The reload mechanism matters. Use echo reload | socat stdio /tmp/haproxy-cli — the container is python-based but doesn't have kill in PATH, and docker kill --signal=HUP signals the python manager (PID 1), not haproxy.


Recovery hints

  • docker pull exits "Image is up to date" but your change isn't there — CI hasn't finished yet.
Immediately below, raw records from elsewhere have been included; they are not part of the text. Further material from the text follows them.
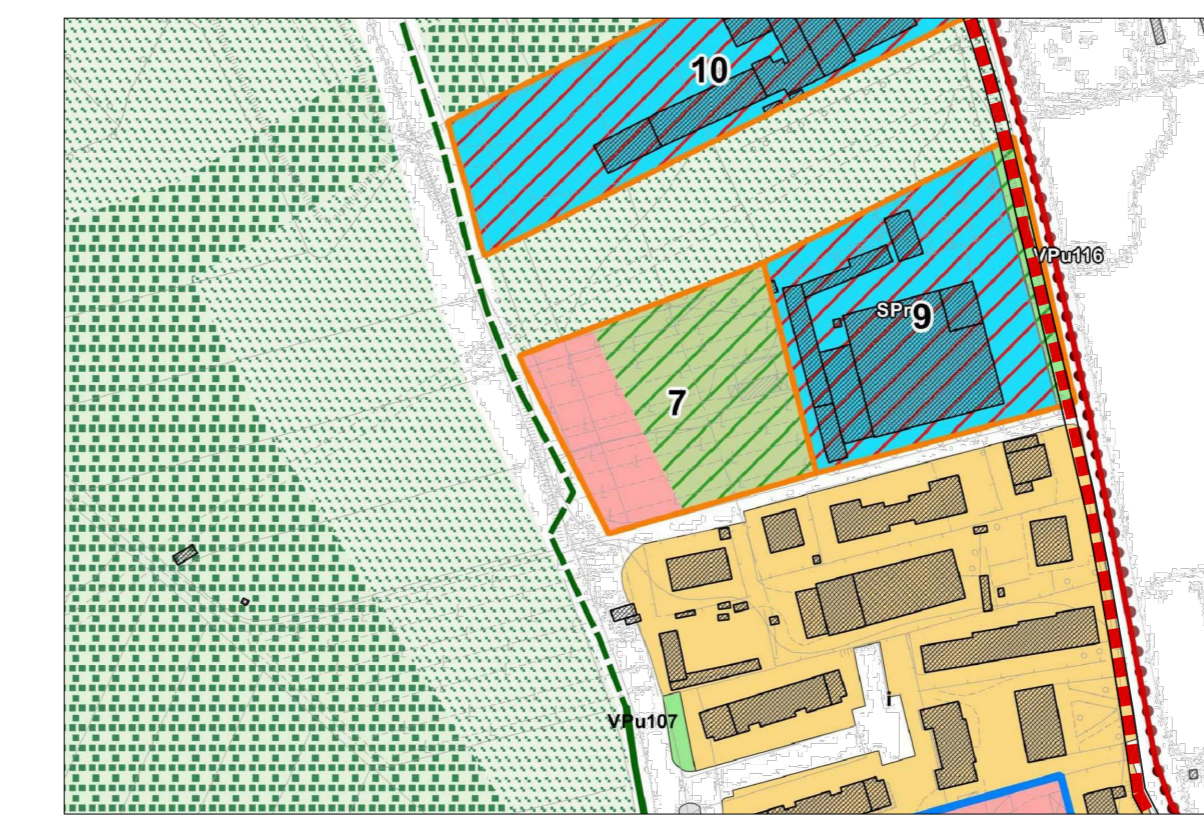
ESTRATTO DI R.U. AREA N°7
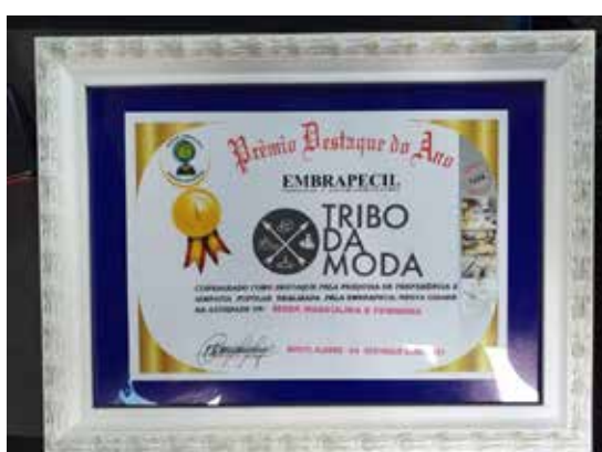
TRIBO DA MODA Moda masculina, feminina e acessórios Rua Frederico Dias Batista, 736 Tel.: 98417-2933
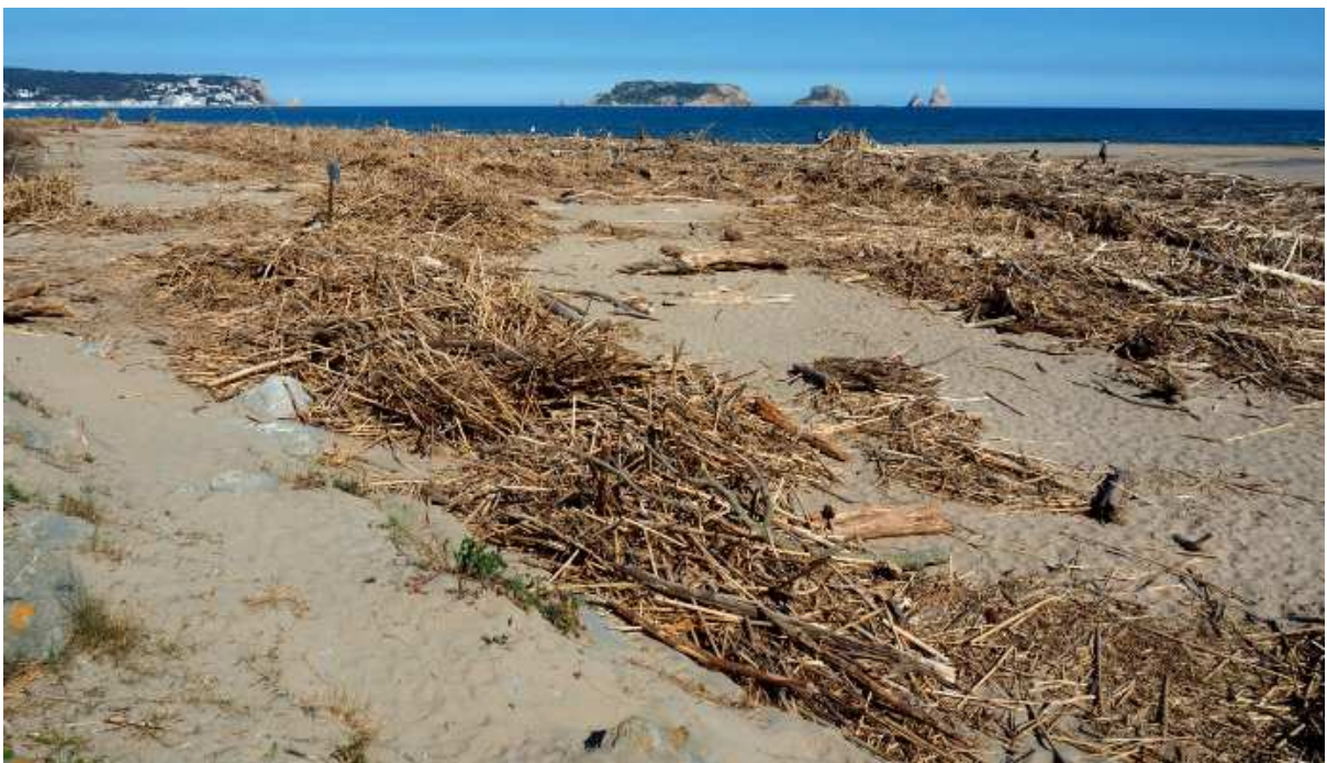
La platja va quedar completament plena de troncs, restes vegetals i altres brosses i objectes arrossegats pel Ter i retornats des del mar amb les onades.
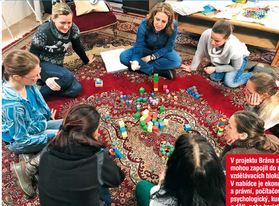
V projektu Brána se ženy mohou zapojit do několika vzdělávacích bloků. V nabídce je ekonomický a právní, počítačový, psychologický, kurz péče o děti, nebo baristický kurz.
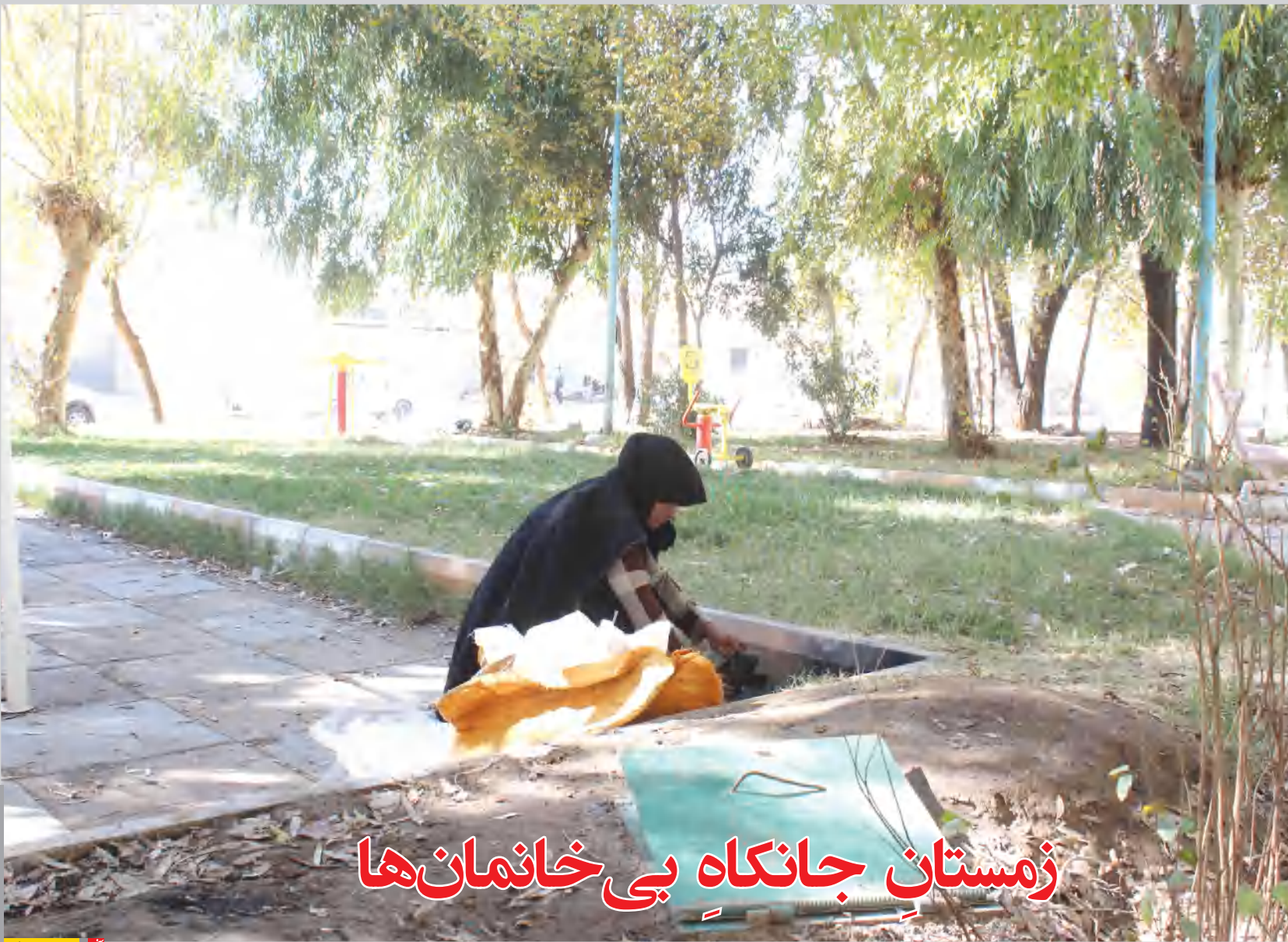
زمستان جانکاه بی‌خانمان‌ها

دشت سیرجان از نظر خطر کاهش شدید در سفره‌های آب شیرین و پیشروی سریع سفره‌های آب شور، عنوان یکی از مناطق فوق بحرانی معرفی شده است. وضعیت پیشروی سفره‌های آب شور و گسترش شوره زارها در دشت سیرجان این منطقه از نظر آب‌های شرب زیرزمینی به عنوان یکی از مناطق بحرانی معرفی شده است.
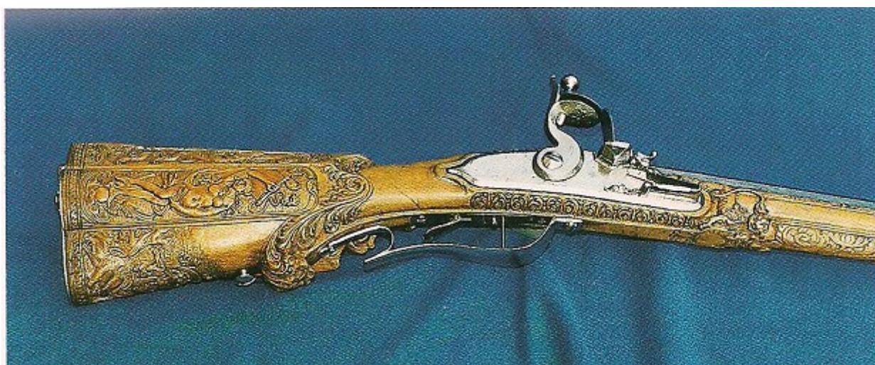
Particolare Fucile del 1650. Museo della Caccia del Castello di caccia di Ohrada

E' noto che già nel 1630 si usavano schioppi per la caccia ai fagiani.
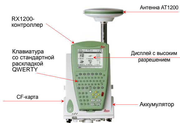
Рис. 3. GPS-приемник Leica GX1230

GPS-наблюдения на геодинимических реперах в районе Краснослободского разлома выполняли сетевым методом. Использовали режим измерений «Статика». Длину эпохи наблюдений устанавливали равной 30 с, выбирали исходя из рекомендаций фирмы-изготовителя GPS-оборудования и технических возможностей оборудования. Угол возвышения спутников, с которых принимали сигналы (угол засечки), устанавливали равным 10–15 град. (Угол 10 град. использовали на четвертом репере для увеличения числа принимаемых спутников, поскольку на этом репере условия приема GPS-сигналов были далеки от идеальных.) С целью исключения искажений, вносимых расположением фазового центра GPS-антенны, на каждый пункт сети всякий раз устанавливали один и тот же GPS-приемник и ориентировали его всегда в одном и том же направлении.
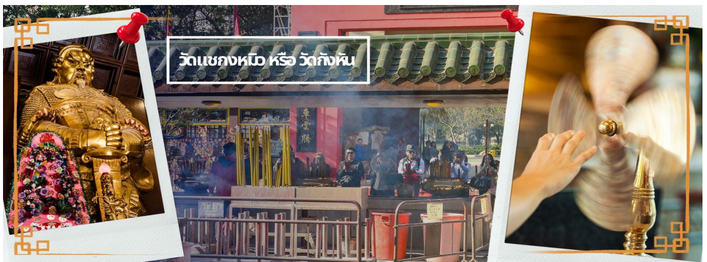
วัดแชกงหมิว หรือ วัดกั๊กหัน

จากนั้นนำท่านเดินทางไป วัดแชกงหมิว หรือ วัดกั๊กหัน (CHE KUNG TEMPLE) วัดแชกงสร้างขึ้นเพื่อเป็นอนุสรณ์เพื่อรำลึกถึงตำนานแห่งนักรบราชวงศ์ซ่ง มีนามว่า “แช กง” แม่ทัพปราบศึก ผู้คนทั่วทุกดินแดนต่างยำเกรงในกำลังพลอันกล้าหาญแข็งแกร่งของแม่ทัพแชกง เป็นวัดเก่าแก่ที่มีความศักดิ์สิทธิ์มาก มีอายุกว่า 300 ปี ตั้งอยู่ในเขต SHATIN มีประวัติเล่าต่อกันมาว่า ขณะที่แม่ทัพปราบศึก อยู่ที่นี่ ทุกแคว้นเขตแดนแผ่นดินใหญ่ต่างก็ยกมาเกรงต่อกำลังพลที่กล้าหาญในกองทัพของท่าน ยามที่ออกรบเพื่อต้านข้าศึกศัตรูทุกทิศทาง ทุก ๆ ครั้งท่านใช้สัญลักษณ์รูปกั๊กหัน 4 ใบพัดติดไว้ด้านหลังรถศึกนำ ขบวนในกองทัพ เหล่าทหารกล้ามีความเชื่อว่าเมื่อพกพาสัญลักษณ์รูปกั๊กหันนี้ไป ณ ที่ใด ๆ กั๊กหันนี้จะช่วยเสริมสิริมงคล นำพาแต่ความโชคดี มีอำนาจเข้มแข็ง เสริมกำลังใจให้แก่กองทัพของท่าน ชื่อเสียงในการนำทัพสู้ศึกของท่านจึงเป็นตำนานมาจนทุกวันนี้ ปัจจุบันวัดแชกงจึงเป็นสถานที่สักการะเคารพ ขอพร ท่านแชกง โดยมีสัญลักษณ์เป็นกั๊กหันนำโชคนั่นเอง 🌀 การหมูนกั๊กหันนำโชคที่ตั้งอยู่ในวัด เพื่อจะได้หมูนเวียนชีวิตของเราและครอบครัวให้มีความเจริญก้าวหน้าด้านหน้าที่การงาน โชคลาภ ยศศักดิ์ และถ้าหากคนที่ดวงไม่ดีมีเคราะห์ร้ายก็ถือว่าเป็นการช่วยหมูนับเป่าเอาสิ่งร้ายและไม่ดีออกไปให้
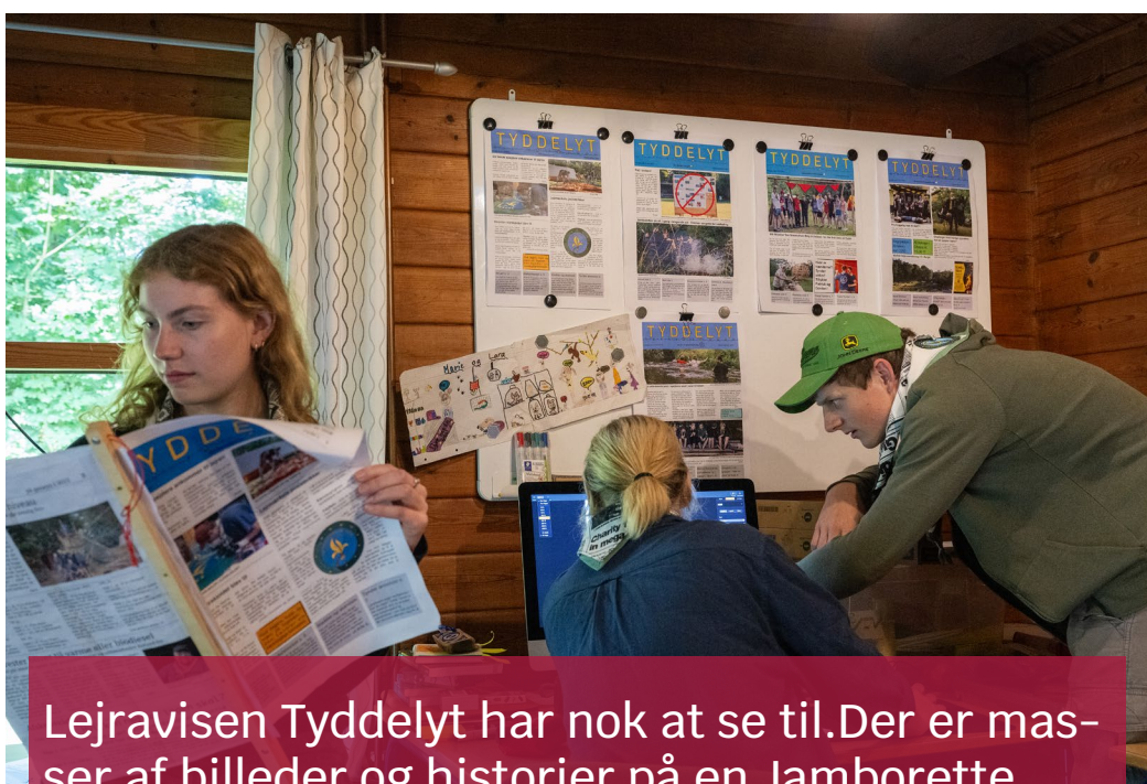
Lejravisen Tyddelyt har nok at se til. Der er masser af billeder og historier på en Jamborette.
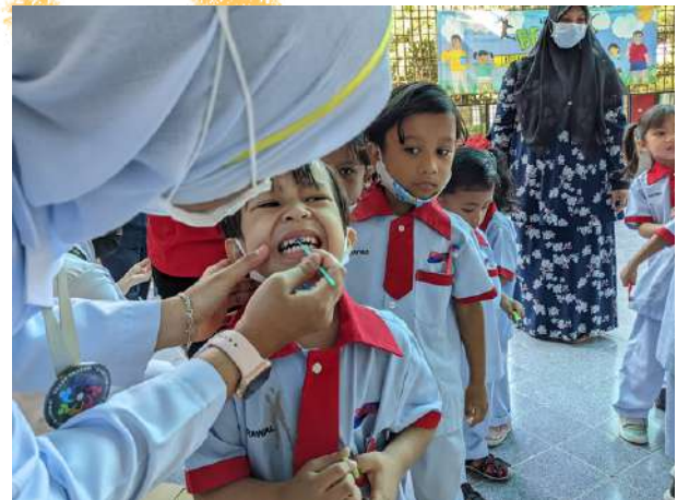
Juruterapi Pergigian menyapu pewarna plak pada gigi kanak - kanak sebelum aktiviti BEGIN dijalankan

Lawatan ini melibatkan seramai 11 orang kanak - kanak toddler dan diiringi seorang guru tadika. Lawatan ini adalah untuk memberikan pendedahan awal kepada kanak - kanak dengan fasiliti perkhidmatan pergigian. Dengan cara ini dapat membantu kanak - kanak menyesuaikan diri dengan persekitaran klinik pergigian.
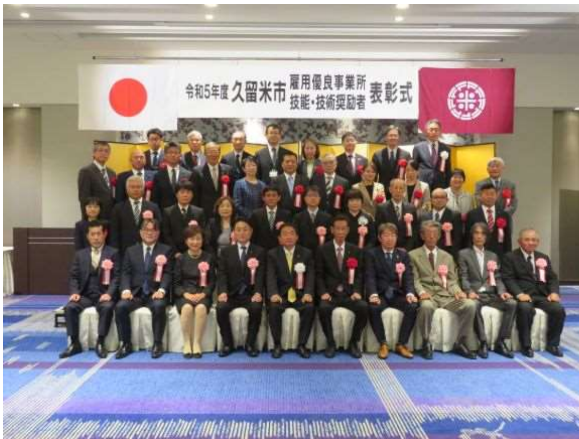
(写真 久留米市雇用優良事業所及び技能・技術奨励者表彰式で記念撮影)

障害者雇用、仕事と家庭の両立支援や女性労働者の活躍推進に積極的に取り組まれている3事業所を雇用優良事業所として表彰いたしました。また、技能・技術奨励者5名、技能・技術優秀士7名、青年技能・技術優秀士1名をそれぞれ表彰いたしました。今回受賞された皆様の今後益々のご活躍を期待いたします。
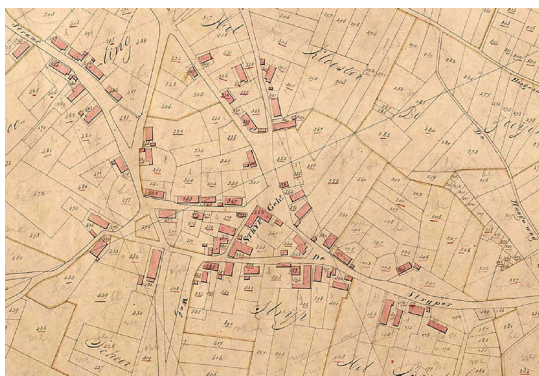
Een plattegrond van Leenderstrijp
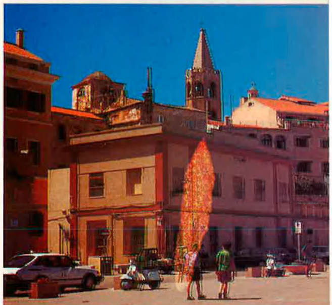
Dalt, la Seu. El seu campanar és el més imponent i destaca sobre les cases del port (baix).
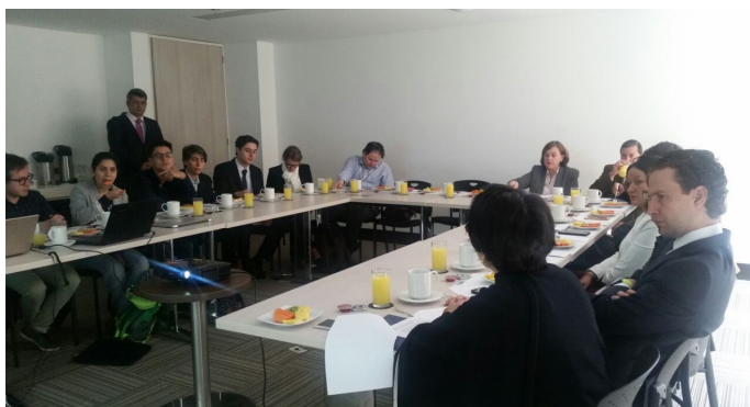
Durante el desarrollo de la mesa de trabajo convocada en el marco del Día Mundial de la Libertad de Prensa.

En el marco del Día Mundial de la Libertad de Prensa, celebrado cada 3 de mayo, esta Oficina auspició, junto con la FLIP de Colombia, la iniciativa de generar espacios de reflexión con el objetivo de estimular una discusión propositiva que permita cualificar el debate acerca de asuntos centrales para la libertad de prensa en el postconflicto, tales como la regulación de la pauta oficial, las condiciones de los medios públicos y comunitarios, así como la concentración de los medios de comunicación.

Check https://repo.anhonesthost.net/cloud-hosting-platform/haproxy-manager-base/actions for in-progress runs.
  • Container recreates but new file is missing inside — you put the file under /etc/haproxy/ and the named volume shadows it. See Step 2. Move the file under /haproxy/ (or another non-volumed path) and rebuild.
  • HAProxy lf-file page renders but CSS is broken / percentages stripped — literal % in the file body must be doubled (100%%). HAProxy log-format expansion eats single %. See haproxy-lf-file-percent-escape memory.
  • Synthetic test returns 200 from gunicorn instead of the block page — your test ACL is being overwritten by the SPOE call. Inject after send-spoe-group, not before.
  • docker exec haproxy-manager kill -HUP 1 fails — the python-based container doesn't have kill in PATH. Use the haproxy admin socket: echo reload | socat stdio /tmp/haproxy-cli.

Why this skill is rigid

The pipeline is short, but the volume-shadowing trap and the SPOE-overwrite trap during testing each cost a 5-10 minute debugging detour during the session this skill was authored from. Both are silent failures — your change goes out, the container is healthy, and you only notice the bug when a customer report (or a careful synthetic test) surfaces it. The verification steps exist to catch them before that happens.